← Back to context

Comment by zozbot234

3 days ago

btrfs RAID is quite infamous for eating your data. Has it been fixed recently?

To be fair, your statement could be edited as follows to increase its accuracy:

> btrfs is quite infamous for eating your data.

This is the reason for the slogan on the bcachefs website:

"The COW filesystem for Linux that won't eat your data".

https://bcachefs.org/

After over a decade of in-kernel development, Btrfs still can't either give an accurate answer to `df -h`, or repair a damaged volume.

Because it can't tell a program how much space is free, it's trivially easy to fill a volume. In my personal experience, writing to a full volume corrupts it irretrievably 100% of the time, and then it cannot be repaired.

IMHO this is entirely unacceptable in an allegedly enterprise-ready filesystem.

The fact that its RAID is even more unstable merely seals the deal.

  • > Btrfs still can't either give an accurate answer to `df -h`, or repair a damaged volume.
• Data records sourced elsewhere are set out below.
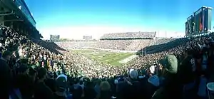 Michigan coaches, players, and the ABC broadcasters argued that the clock should have expired before the final play and that the timekeeper, "Spartan Bob" Stehlin, purposely stopped the clock before the ball was grounded.[33] Michigan commentator Frank Beckmann speculated that Michigan State had benefited from its home-field advantage, even calling the unfolding controversy "criminal".[34] Dave Parry, the Big Ten conference's coordinator of football officials, said, "that play, as much as we've put that under a high-powered microscope, was correct. We could not prove that timer wrong."[35] The Big Ten changed its timekeeping policy for the 2002 season, requiring that time be kept on the field by a neutral official.[36]
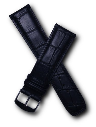 -. Title : 22mm Black Alligator-style Genuine Leather Watchband with Black Stitching to fit Baume & Mercier Classima
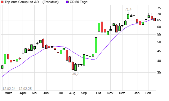 Mit dem Rücksetzer auf 64,80 EUR hat die Trip.com-Aktie am 11.02.2025 die 50-Tage-Linie nach unten gekreuzt.
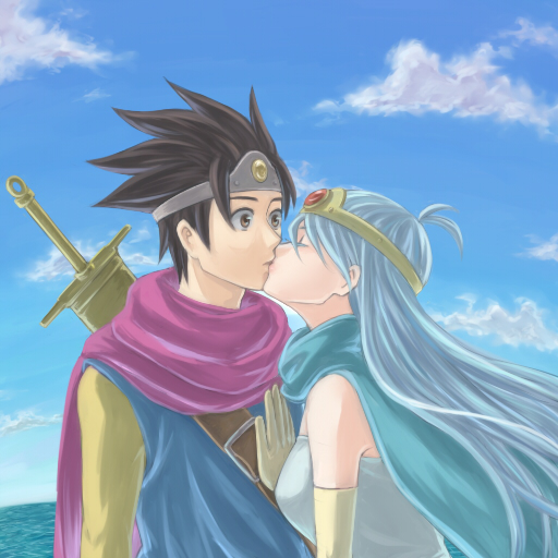 1boy1girlblue haircapecircletclosed eyescoupleelbow glovesglovesheterokisslong hairswordweapon
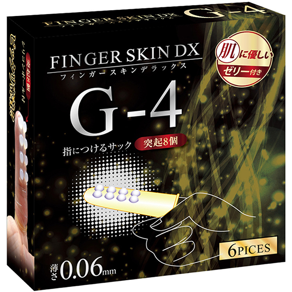 安全、清潔に使えて気持ちいい♪ラブグッズ版の指サック「フィンガースキンDX (G−4)」です。 シリコン製のミニボールに突起が8個ついた指サックでクリトリスを愛撫したりアソコに挿入したりと使い方は自由自在!4個×2列に配置されたシリコンボールはアソコに挿入するとボコボコの粒快感♪6個入りで個包装されているので清潔にお使いいただけ、Gスポットをズリズリしたりと着けるだけでご自身の指技をグレードアップしてくれます!薄さはコンドームのような0.06mm。 挿入したときの体温が感じられたりとお互いに興奮すること間違いなし!表面には挿入をフォローしてくれるゼリーが塗布されていて平均的な男性の指サイズだからフィット感も抜群。 指責めのメリットを味わいながらコリコリ感やズリズリ感を与えることができます!
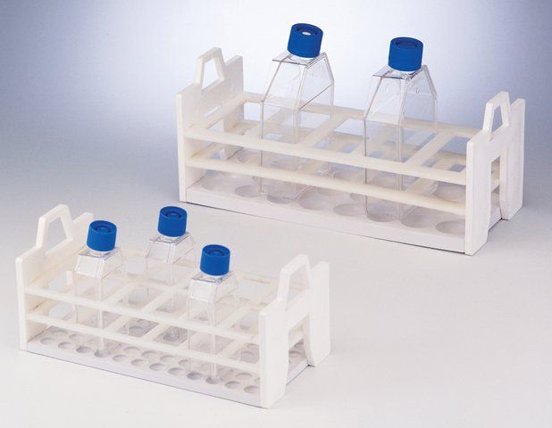 | General description【一般描述】 | Rugged white polypropylene is chemical and corrosion resistant and steam autoclavable at 121℃ (250°F). Racks to hold either 25cm² or 75cm² (50-75ml or 250-260ml) or similar sized flasks in an upright position during processing of tissue cultures.
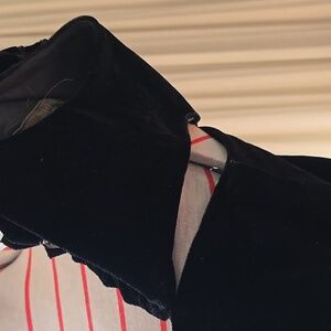 Vintage 1920s / 1930s Full Length Black Velvet Dress with Mesh Leaf Cut Outs
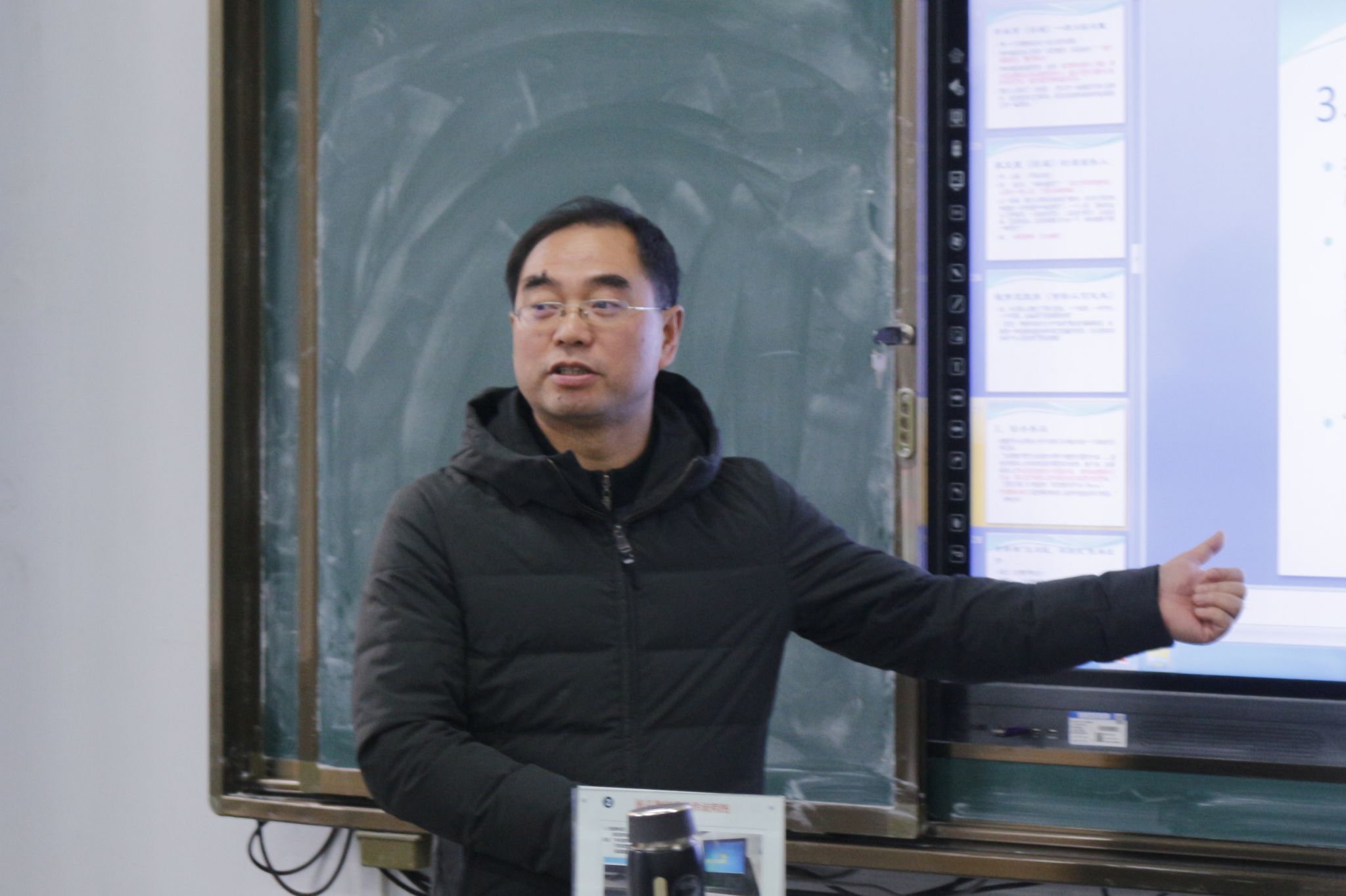随后,于教授为学员们展示了高效课堂在课堂实践和理论知识方面的改革成果,提出高效课堂的重要性。紧接着,他从学案导学、展示当家、合作互教、教学翻转四个方面讲解了高效课堂的主要教学策略,并通过举例证明策略的正确性和必要性。同时,他还提出了高效课堂要注意避免的几个极端化倾向,告诫学员们在教学过程中要避免教学学习化、效果知识化、课堂程式化、教师观众化。

    > In my personal experience, writing to a full volume corrupts it irretrievably 100% of the time, and then it cannot be repaired.

    While I get the frustration, I think you could have probably resolved both of them by reading the manual. Btrfs separates metadata & regular data, meaning if you create a lot of small files your filesystem may be 'full' while still having data available; `btrfs f df -h <path>` would give you the break down. Since everything is journaled & CoW it will disallow most actions to prevent actual damage. If you run into this you can recover by adding an additional disk for metadata (can just be a loopback image), rebalancing, and then taking steps to resolve the root cause, finally removing the additional disk.

    May seem daunting but it's actually only about 6 commands.

    • Hi. My screen name is my real name, and my experience with Btrfs stems from the fact that I worked for SUSE for 4 years in the technical documentation department.

      What that means is I wrote the manual.

      Now, disclaimer, not that manual: I did not work on filesystems or Btrfs, not at all. (I worked on SUSE's now-axed-because-of-Rancher container distro CaaSP, and on SLE's support for persistent memory, and lots of other stuff that I've now forgotten because it was 4 whole years and it was very nearly 4 years ago.)

      I am however one of the many people who have contributed to SUSE's excellent documentation, and while I didn't write the stuff about filesystems, it is an error to assume that I don't know anything about this. I really do. I had meetings with senior SUSE people where I attempted to discuss the critical weaknesses of Btrfs, and my points were pooh-poohed.

      Some of them still stalk me on social media and regularly attack me, my skills, my knowledge, and my reputation. I block them where I can. Part of the price of being online and using one's real name. I get big famous people shouting that I am wrong sometimes. It happens. Rare indeed is the person who can refute me and falsify my claims. (Hell, rare enough is the person who knows the difference between "rebut" and "refute".)

      So, no, while I accept that there may be workarounds that a smart human may be able to do, I strongly suspect that these things are accessible to software, to tools such as Zypper and Snapper.

      In my repeated direct personal experience, using openSUSE Leap and openSUSE Tumbleweed, routine software upgrades can fill up the root filesystem. I presume this is because the packaging tools can't get accurate values for free space, probably because Btrfs can't accurately account for space used or about to be used by snapshots, and a corrupt Btrfs root filesystem can't be turned back into a valid consistent one using the automated tools provided.

      Which is why both SUSE's and Btrfs's own docs say "do not use the repair tools unless you are instructed to by an expert."

      2 replies →

No. RAID 5/6 is still fundamentally broken and probably won't get fixed

  • This is incorrect, quoting Linux 6.7 release (Jan 2024):

    "This release introduces the [Btrfs] RAID stripe tree, a new tree for logical file extent mapping where the physical mapping may not match on multiple devices. This is now used in zoned mode to implement RAID0/RAID1* profiles, but can be used in non-zoned mode as well. The support for RAID56 is in development and will eventually fix the problems with the current implementation."

    I've not kept with more recent releases but there has been progress on the issue

I believe RAID5/6 is still experimental (although I believe the main issues were worked out in early 2024), I've seen reports of large arrays being stable since then. It's still recommended to run metadata in raid1/raid1c3.

RAID0/1/10 has been stable for a while.